- **Activity**: Quote every line of the data below as it stands, omitting pictures.

- **Supplied material**:
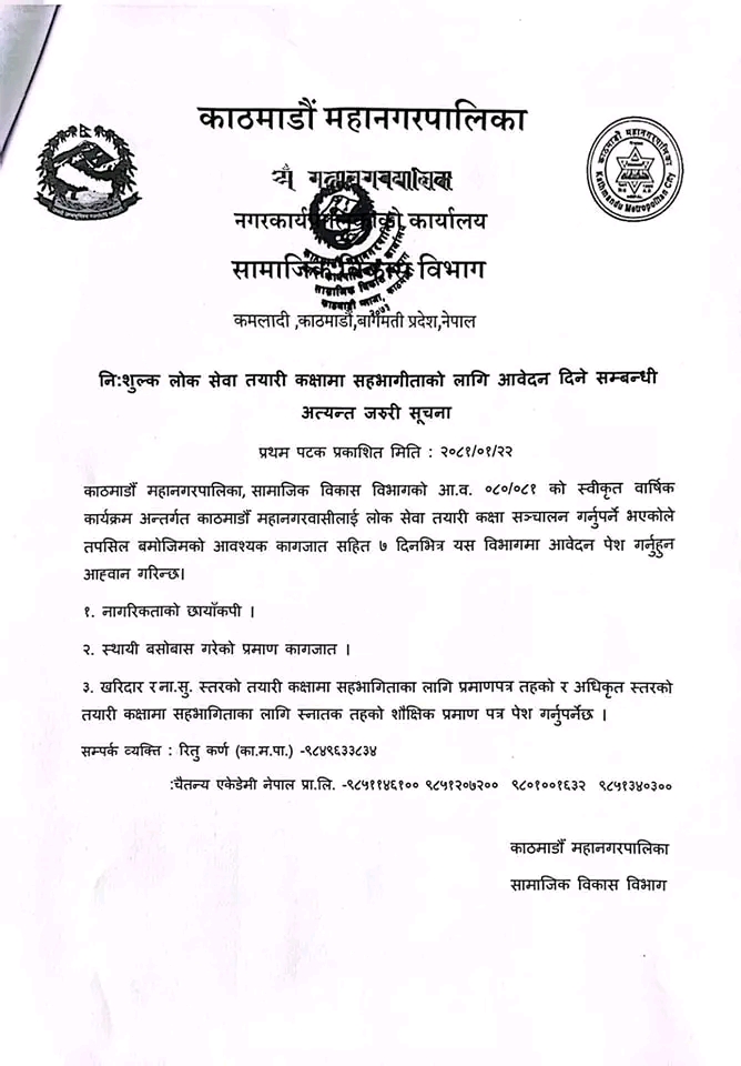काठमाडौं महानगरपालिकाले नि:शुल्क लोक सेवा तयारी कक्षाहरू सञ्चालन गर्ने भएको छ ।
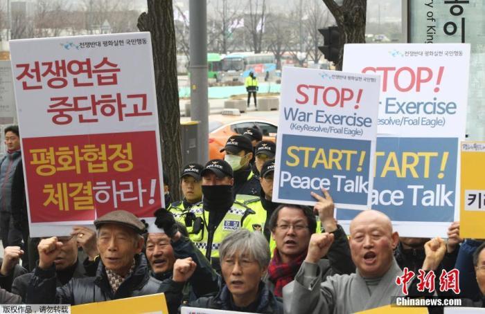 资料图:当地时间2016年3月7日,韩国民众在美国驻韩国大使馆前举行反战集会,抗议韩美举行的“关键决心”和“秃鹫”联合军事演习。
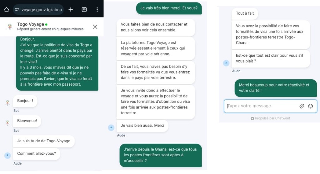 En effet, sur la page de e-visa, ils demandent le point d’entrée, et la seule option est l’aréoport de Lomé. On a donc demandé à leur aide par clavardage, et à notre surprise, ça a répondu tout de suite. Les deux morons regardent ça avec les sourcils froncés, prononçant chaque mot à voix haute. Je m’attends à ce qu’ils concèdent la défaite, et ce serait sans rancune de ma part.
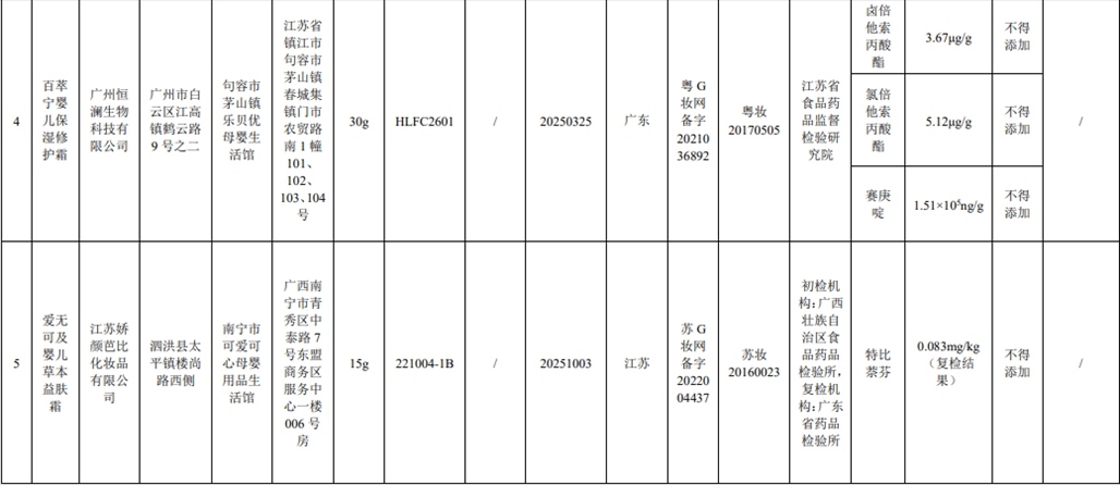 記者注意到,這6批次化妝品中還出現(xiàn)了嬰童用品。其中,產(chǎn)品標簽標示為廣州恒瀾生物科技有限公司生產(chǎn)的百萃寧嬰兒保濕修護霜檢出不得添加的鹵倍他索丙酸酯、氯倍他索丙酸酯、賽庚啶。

- **Exercise output**:
काठमाडौं महानगरपालिकाले नि:शुल्क लोक सेवा तयारी कक्षाहरू सञ्चालन गर्ने भएको छ ।
 资料图:当地时间2016年3月7日,韩国民众在美国驻韩国大使馆前举行反战集会,抗议韩美举行的“关键决心”和“秃鹫”联合军事演习。
 En effet, sur la page de e-visa, ils demandent le point d’entrée, et la seule option est l’aréoport de Lomé. On a donc demandé à leur aide par clavardage, et à notre surprise, ça a répondu tout de suite. Les deux morons regardent ça avec les sourcils froncés, prononçant chaque mot à voix haute. Je m’attends à ce qu’ils concèdent la défaite, et ce serait sans rancune de ma part.
 記者注意到,這6批次化妝品中還出現(xiàn)了嬰童用品。其中,產(chǎn)品標簽標示為廣州恒瀾生物科技有限公司生產(chǎn)的百萃寧嬰兒保濕修護霜檢出不得添加的鹵倍他索丙酸酯、氯倍他索丙酸酯、賽庚啶。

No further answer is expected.